Oleh: Nuranisa Fataruba
_______
TIDAK sedikit kita mendengar kisah heroik para filsuf yang rela mati hingga runtuhnya sebuah kerajaan hanya karena ulah perempuan dalam sebuah relasi politik.
Raja Jayanegara yang mati akibat gosip mencabuli istri Tanca dalam legenda kerajaan Majapahit.
Pemikir hebat dalam Madilog, Tan Malaka yang menolak menikah akibat trauma dengan hubungannya dengan Aisyah Nawawi yang kandas karena situasi politik. Soe Hok Gie pergi memeluk Semeru dengan keadaan yang tidak membaik dengan sang pujaan hati dan memilih tak pernah kembali. Rocky Gerung yang menolak menikah sebab takut kekritisannya terkikis oleh tanggung jawab biduk rumah tangga.
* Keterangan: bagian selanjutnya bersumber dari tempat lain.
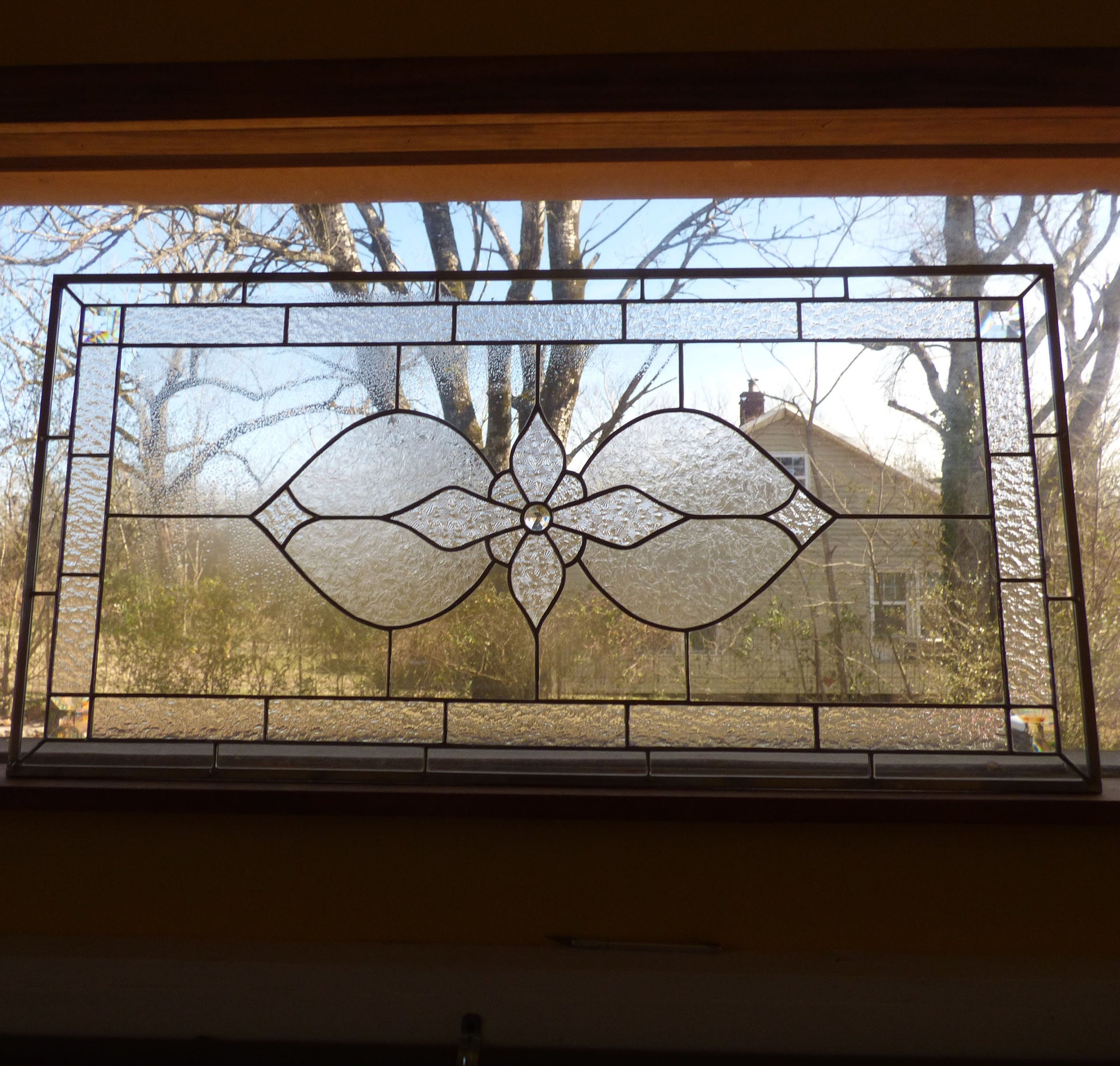 WE MAKE CUSTOM SIZES! An intricate Florentine Style stained glass Transom or Window is inlaid with clear glass and contrasting clear textures. Measures 36"x18". If you wish to hang instead of installing, I can add hooks.

Begitu variatif meletakkan posisi perempuan pada sebuah peristiwa politik. Namun, untuk membaca pengaruhnya, kita bisa menyelam dalam novel Cantik Itu Luka milik Eka Kurniawan.
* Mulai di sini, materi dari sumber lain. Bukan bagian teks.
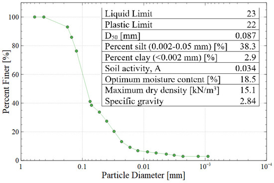 Gold mine tailings were obtained from an artisanal mine near Vitor in the Arequipa region of Peru, which contains about 1.3 million cubic meters of mine tailings deposited in a geomembrane-lined pond. This specific mine is an artisanal site which had no long-term plan for tailings storage or monitoring, so this research was intended to create value-added products using the tailings as the source material. The mine tailings were dried and homogenized prior to their use. Physical characterization tests included: (a) Harvard miniature compaction testing to determine the optimum moisture content and maximum dry density according to US Bureau of Reclamation standard GR-84-14 [23]; (b) sieve analysis and hydrometer testing to determine the particle size distribution according to ASTM C136 and D7928, respectively [24,25]; and (c) Atterberg testing to find the liquid limit, plastic limit, and plasticity index according to ASTM D4318 with hand-rolling and multi-point interpolation [26]. The purpose of plasticity testing was to characterize the clay fraction of the tailings, which affects the swelling behavior of the produced bricks. Based on the results of these tests, the tailings would be classified as AASHTO group A-4 or USCS group SM (silty sand). Figure 2 shows the particle size distribution of the mine tailings along with the results of other physical testing.

Perangai perempuan dan perawakan anggun nan rupawan, mampu menghipnotis sebuah tatanan dan situasi politik. Jika tak mampu secara gagasan, perempuan punya kepiawaian lain yang bisa membelok haluan politik suatu negara hingga hierarkis nya sampai ke desa. Begitu berbahayanya, sehingga kehadiran perempuan menurut Ariestoteles adalah manusia laki-laki yang gagal.
Dewasa ini, perempuan mempunyai kesempatan besar untuk menduduki posisi-posisi strategis di ruang publik. Namun, seringkali tidak relevan dengan kualitasnya. Kita bisa membaca fakta itu pada beberapa keputusan politik yang tak mampu mengakomodir kepentingan publik. Terutama kepentingan perempuan.